Attached: Summary table of the High People's Courts of different provinces on the handling of project quality problems:

province After completion acceptance or use Unfinished acceptance Reduction of project costs Compensation for damages
Beijing The warranty covers the main structure of the foundation works, except for the foundation works Treated as a defence Treated as a defence Counterclaim or separate claim
chekiang Treated as a defence Treated as a defence Treated as a defence Counterclaim Handling
Guangdong If the payment terms are not fulfilled, the defense will be handled Adversarial Processing Adversarial Processing counterclaim
Jiangsu Some are counterclaims, and some are defenses It is a defence It is a defence counterclaim
Anhui It is a defence It is a defence It is a defence counterclaim
Sichuan Handled as a defence Handled as a defence Adversarial Processing Counterclaim or separate claim
Fujian Defense, net of fees Defense, net of fees Defense, net of fees counterclaim

Illustrate:

1. "After completion acceptance or use" refers to the way to deal with the quality problems raised by the employer after the project has been completed and accepted or actually used.
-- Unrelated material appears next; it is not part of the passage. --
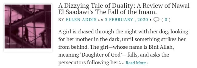 Ellen closes her review of this novel by bringing the two female protagonists of both The Fall of the Imam and Two Women in One together in their fight against silencing and the possibilities of the imagination as offering other ways of being heard, citing El Saadawi in an interview for The Cairo Review, that “all creative works help to open the minds and illuminate oppressed women and men”.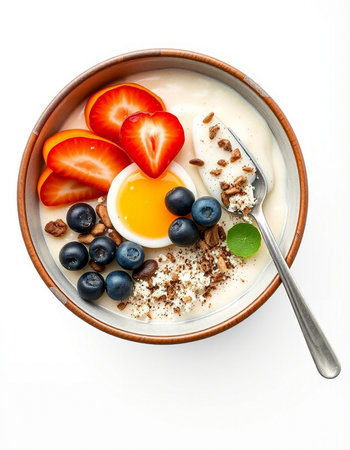 Healthy breakfast bowl with yogurt, berries and egg on white background

2. "Unfinished acceptance" refers to the way in which the employer proposes to deal with the project on the grounds of quality problems before the acceptance of the project has been completed.

3. "Reduction of project payment" refers to the situation where the employer requests a reduction in the project payment to the contractor on the grounds of quality problems.

4. "Compensation for losses" refers to the situation where the employer requires the contractor to compensate for the relevant losses due to quality problems.

Please note that the information in the form is based on the text content disseminated on the Internet, and the specific interpretation and application of the law need to be screened and judged according to official documents and the specific circumstances of the case.